Carissimi Parrocchiani,
dopo la pausa dovuta alla festa di Pasqua ritorniamo alla nostra storia per considerare quale ultimo antefatto al Regno di Davide il tramonto del Regno di Saul.
Nel resoconto che stiamo offrendo giungiamo ormai agli avvenimenti che concludono la vita di questo re, il primo di Israele. Saul vive da eroe le sue ultime ore combattendo con coraggio contro i Filistei sul monte Gelboe insieme ai suoi tre figli.
Il testo biblico riferisce i fatti con sobrietà, senza formulare giudizi negativi sul tragico destino a cui Saul va incontro. Indirizza piuttosto verso un atteggiamento di pietà, atteggiamento che poco più avanti si esprimerà compiutamente nel canto funebre che Davide fa sul re e su Gionata.
Come abbiamo già detto Saul muore in battaglia sul monte Gelboe: questo monte chiude a est la pianura di Izreel, così come il monte Carmelo la chiude sul lato occidentale.
Questi due monti hanno un altro particolare in comune: tutti e due hanno visto morire alle loro pendici un consacrato di Dio. Alle pendici del Gelboe muore il re Saul; alle pendici del Carmelo muore quattro secoli dopo il re Giosia. Oltretutto va rimarcato anche il fatto che in entrambi i casi si tratta di due re che cadono trafitti per mano dei nemici: Saul per mano dei Filistei; Giosia per mano degli egiziani del faraone Necao.
Questi particolari assumono un significato più ampio se li leggiamo nell’orizzonte di tutta la storia di salvezza. Infatti, se da una parte avvicinano questi due re tra loro, dall’altra li avvicinano anche a Gesù, il vero re e messia, che su un monte, il Calvario, mentre è in croce, viene trafitto da una lancia. Pertanto, dobbiamo prendere atto di queste singolari affinità che sembrano tracciare una linea di congiunzione che va da Saul a Giosia e si prolunga fino a Gesù.
In questo orizzonte può nascere in noi persino il presentimento che nella vicenda del re Saul e del re Giosia ci sia qualcosa che in certa misura prefigura il mistero di Gesù.
In effetti, Rossi de Gasperis prendendo atto di queste affinità arriva a formulare nel suo commento un sospetto che è arduo, ma che probabilmente coglie nel segno.

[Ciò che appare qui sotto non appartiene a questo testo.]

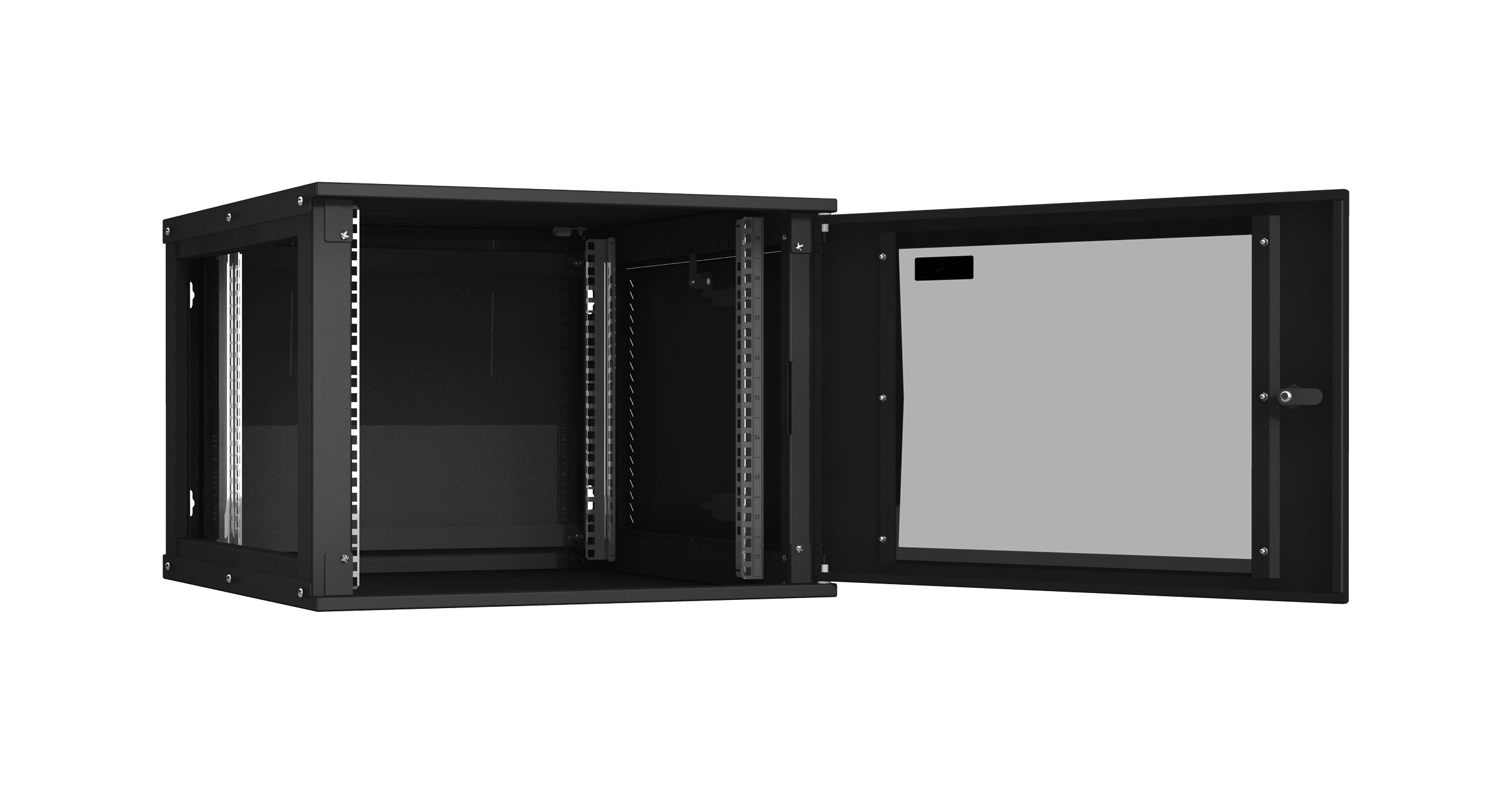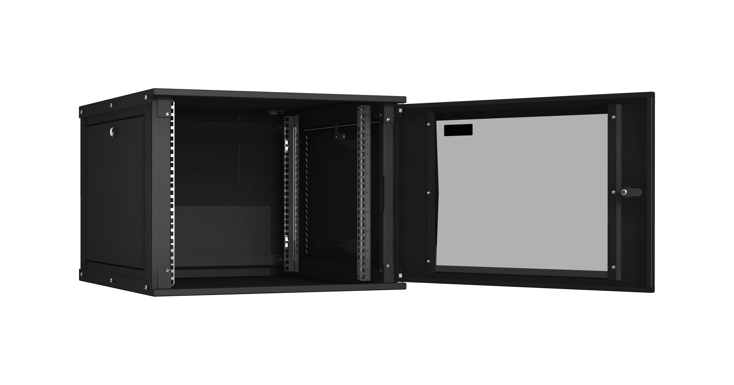 9U, Ш600хГ600, стеклянная дверь, цельнометаллические стенки, черный

Scrive: “Qualche cosa ci spinge a sospettare che ambedue (Saul e Giosia) ci siano necessari per abbracciare il mistero dell’ultimo Messia, il servo trafitto del Golgota”. E dopo aver citato questi versetti del quarto canto del Servo del Signore che si trovano nel libro del profeta Isaia: Noi lo giudicavamo castigato, / percosso da Dio e umiliato. / 5Egli è stato trafitto per le nostre colpe, / schiacciato per le nostre iniquità… / il Signore fece ricadere su di lui / l’iniquità di noi tutti… / Sì, fu eliminato dalla terra dei viventi, / per la colpa del mio popolo fu percosso a morte. / 11Dopo il suo intimo tormento vedrà la luce / e si sazierà della sua conoscenza… / È stato annoverato fra gli empi, / mentre egli portava il peccato di molti (Is 53,4-6.8,11-12) si domanda: “Non canta anche la sorte di Saul il profeta dell’esilio?”
Dunque, questa domanda provocatoria apre alla possibilità di vedere in Saul un consacrato di Dio che sta portando su di sé un peso che va al di là delle sue responsabilità personali.
Che cosa dire riguardo a questo sospetto? Ha dalla sua parte solo un atteggiamento di generosa benevolenza nei confronti di Saul o è supportato da motivazioni oggettive che permettono di avallare in modo legittimo questa interpretazione? Tenteremo una risposta la prossima volta.